Saved entries
>>>>>

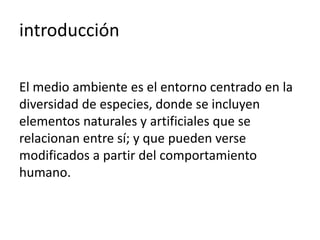 Este documento habla sobre el medio ambiente y las tres erres. Explica que el medio ambiente incluye elementos naturales y artificiales que interactúan y pueden verse afectados por el comportamiento humano. También distingue entre el medio ambiente natural y el construido. Luego describe las tres erres como las acciones más importantes que las personas pueden tomar por el medio ambiente: reducir, reutilizar y reciclar. Reduce el consumo de recursos y productos de un solo uso, reutiliza productos para darles mayor vida útil, y recicla materiales
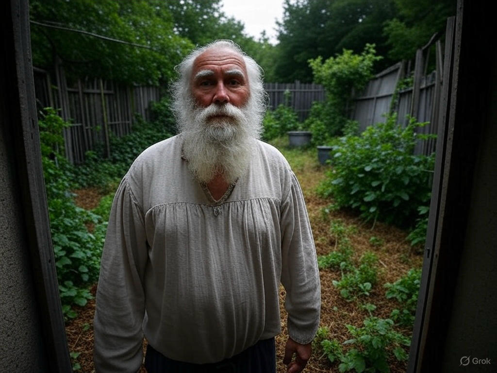 Однажды, гуляя по окраине деревни, она заметила странный участок земли. С одной стороны — густой лес, с другой — разрушенная изгородь и неухоженные деревья. Это был заброшенный сад. Катя остановилась и присмотрелась. Прямо у ворот стоял старик с длинной седой бородой, в грубой деревенской рубахе. Он внимательно наблюдал за каждым прохожим и, казалось, был готов в любой момент вмешаться, если кто-то осмелится приблизиться к его владениям.
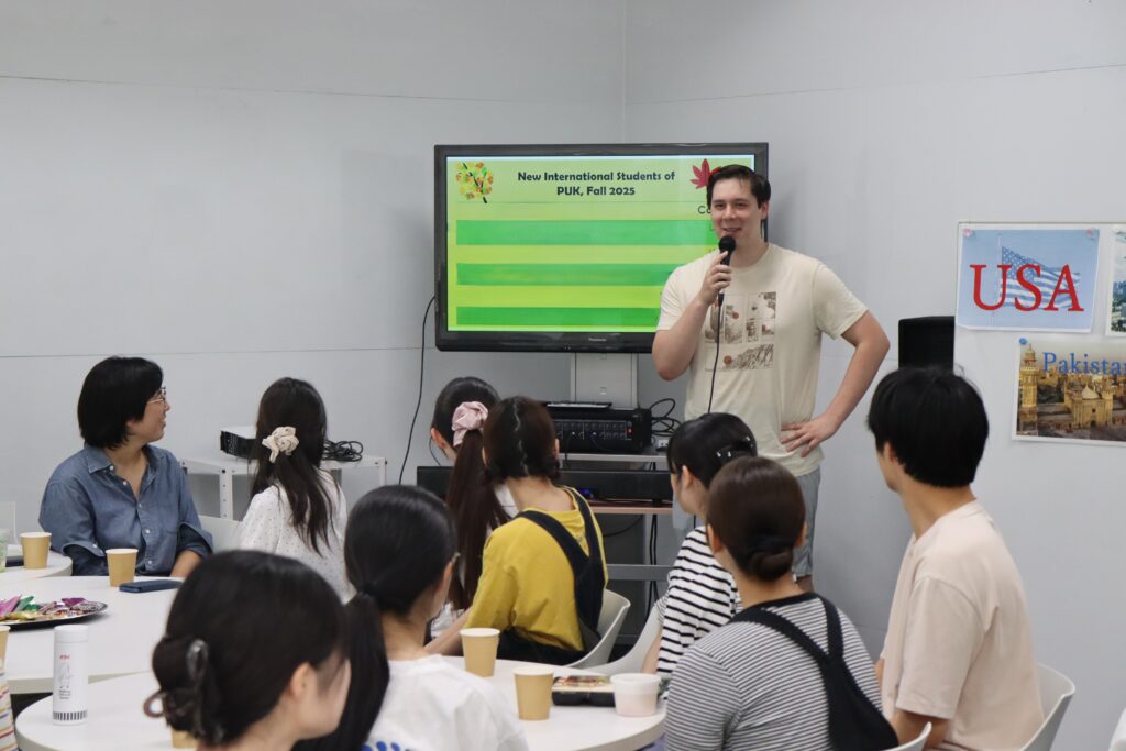 国際教育交流センター(CIEE)では、2025年10月8日(水)の昼休みに、本年度後学期から入学した、アメリカ・モンタナ州立大学ビリングス校からの交換留学生2名(Josephさん、Jaredさん)、水銀研究留学生2名(Megaさん、Ihsanさん)、国費研究生1名(Anizaさん)をゲストに迎え、留学生歓迎会を開催しました。
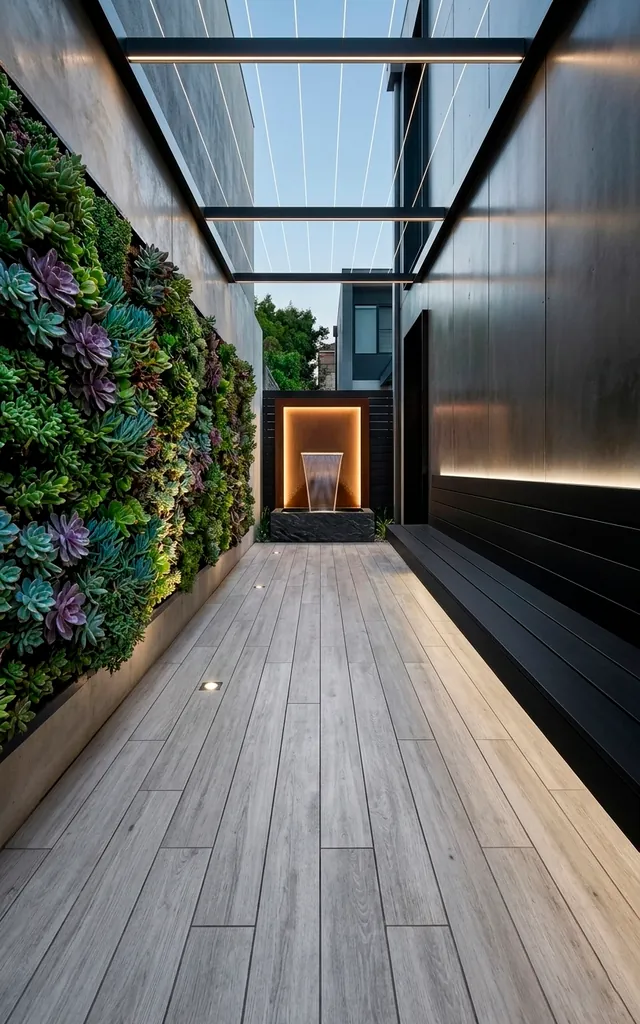 Long, slim pavers draw the eye toward the horizon like a literal runway. They make narrow yards look incredibly long by emphasizing the horizontal axis. You should pair these with vertical gardens or tall bamboo to maximize that ‘secret garden’ vibe. I’ve noticed that this layout works wonders for townhomes where space is at a premium. The clean, unbroken lines create a sense of order that calms the mind after a long day at work. It’s simple, it’s effective, and it’s surprisingly easy to install. Who knew rectangles could be this dramatic?
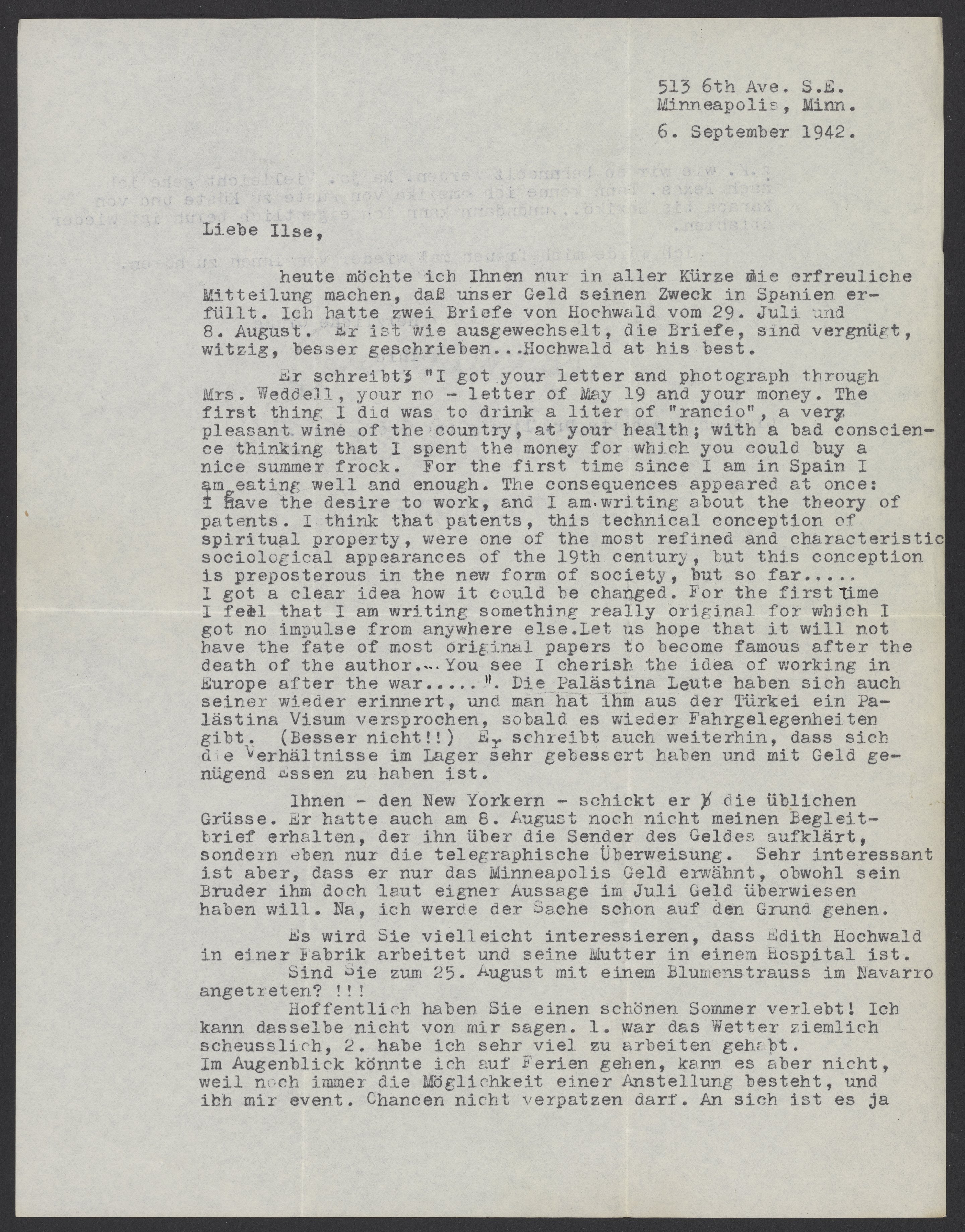 Small JPG1200 x 1532px — 370 KBLarge JPG2880 x 3677px — 1.9 MBFull-sized JPG5406 x 6902px — 6.0 MBOriginal fileTIFF — 5406 x 6902px — 107 MBIlse Wolfsberg informs her friend, Ilse Hayn, that their money for Fritz G. Hochwald (1897-1968) arrived and was able to help him at the Miranda de Ebro Concentration camp.

<<<<<

§ **PROBLEM REQUIREMENTS**: Without the images, output all the entries exactly as they stand.

§ **SOLVED EXERCISE**:
 Este documento habla sobre el medio ambiente y las tres erres. Explica que el medio ambiente incluye elementos naturales y artificiales que interactúan y pueden verse afectados por el comportamiento humano. También distingue entre el medio ambiente natural y el construido. Luego describe las tres erres como las acciones más importantes que las personas pueden tomar por el medio ambiente: reducir, reutilizar y reciclar. Reduce el consumo de recursos y productos de un solo uso, reutiliza productos para darles mayor vida útil, y recicla materiales
 Однажды, гуляя по окраине деревни, она заметила странный участок земли. С одной стороны — густой лес, с другой — разрушенная изгородь и неухоженные деревья. Это был заброшенный сад. Катя остановилась и присмотрелась. Прямо у ворот стоял старик с длинной седой бородой, в грубой деревенской рубахе. Он внимательно наблюдал за каждым прохожим и, казалось, был готов в любой момент вмешаться, если кто-то осмелится приблизиться к его владениям.
 国際教育交流センター(CIEE)では、2025年10月8日(水)の昼休みに、本年度後学期から入学した、アメリカ・モンタナ州立大学ビリングス校からの交換留学生2名(Josephさん、Jaredさん)、水銀研究留学生2名(Megaさん、Ihsanさん)、国費研究生1名(Anizaさん)をゲストに迎え、留学生歓迎会を開催しました。
 Long, slim pavers draw the eye toward the horizon like a literal runway. They make narrow yards look incredibly long by emphasizing the horizontal axis. You should pair these with vertical gardens or tall bamboo to maximize that ‘secret garden’ vibe. I’ve noticed that this layout works wonders for townhomes where space is at a premium. The clean, unbroken lines create a sense of order that calms the mind after a long day at work. It’s simple, it’s effective, and it’s surprisingly easy to install. Who knew rectangles could be this dramatic?
 Small JPG1200 x 1532px — 370 KBLarge JPG2880 x 3677px — 1.9 MBFull-sized JPG5406 x 6902px — 6.0 MBOriginal fileTIFF — 5406 x 6902px — 107 MBIlse Wolfsberg informs her friend, Ilse Hayn, that their money for Fritz G. Hochwald (1897-1968) arrived and was able to help him at the Miranda de Ebro Concentration camp.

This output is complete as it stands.